Publication: Monitor Volume: 4 Issue: 142

Addressing an extraordinary meeting of Kazakhstan’s National Security Council (KNB) in Astana on July 10, President Nursultan Nazarbaev declared that state corruption is now a major threat to national security. He criticized law enforcement agencies for failing to wage the fight against corruption as he had prescribed in January. (See the Monitor, January 14)

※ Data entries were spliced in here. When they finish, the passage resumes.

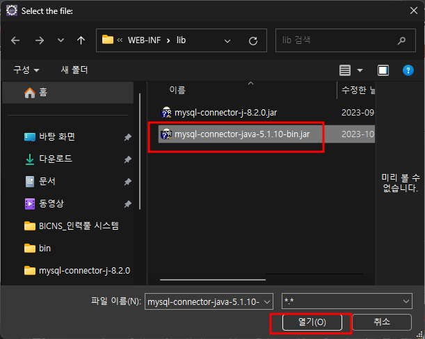 링크접속 - platform independent - 다운 - no thanks - 완료 https://dev.mysql.com/downloads/connector/j/ MySQL :: Download Connector/J MySQL Connector/J is the official JDBC driver for MySQL. MySQL Connector/J 8.0 and higher is compatible with all My
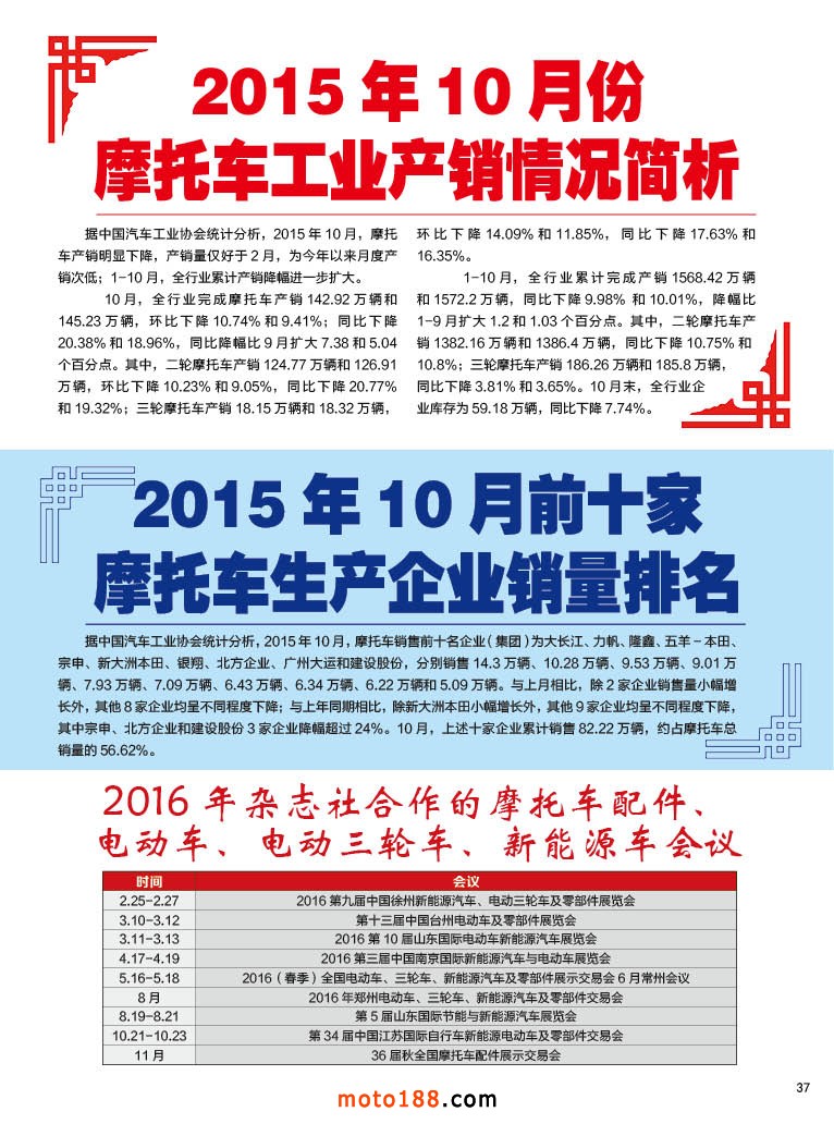 內(nèi)37 2015年10月份摩托車工業(yè)產(chǎn)銷情況簡析
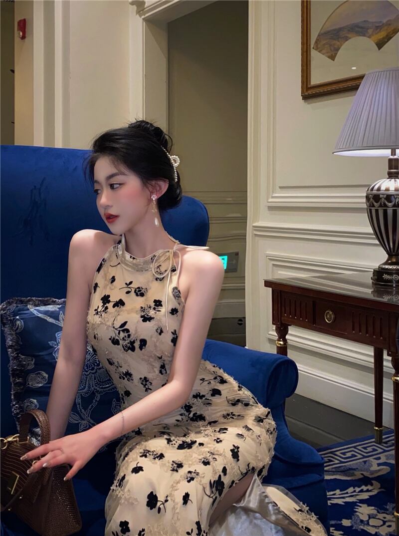 色:立体浮かぶ花チャイナドレス
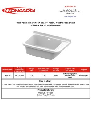 Il pilozzo a muro 7832C98 in PP di colore bianco, ha dimensioni 60 x 40 x 25cm. E’ comprensivo di kit di fissaggio a muro (Viti e tasselli), kit di scarico autopulente (Sifone, Piletta e Troppopieno), ed è forabile sul lato destro per l’inserimento di un miscelatore (non incluso). La sua resistenza agli agenti atmosferici e agli acidi per utilizzo domestico, lo rendono il prodotto ideale per lavanderie, giardini, terrazze e garage. I nostri prodotti sono 100% Made in Italy.
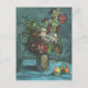 Postal Espaldas de época sobre flores de fondo negro rosa

It was left to the chief of the KNB, Alnur Musaev, to provide the meeting with details of state corruption. His council, he reported, is reviewing 300 such cases, 201 of which involve security officers and twenty-five of which involve criminal proceedings against regional and district heads. Musaev said that the state was losing huge sums of money through officials’ embezzling funds earmarked for social or other projects, many of them involving foreign investment. For example, US$4 million disappeared without trace when Mikhail Bazhenov, former head of Kazakhstan’s biggest mining complex, absconded in December 1997. (Itar-Tass, May 21) Bribery is another major source of corruption: Here Musaev was particularly critical of courts and police officers. (Panorama [Almaty], July 17)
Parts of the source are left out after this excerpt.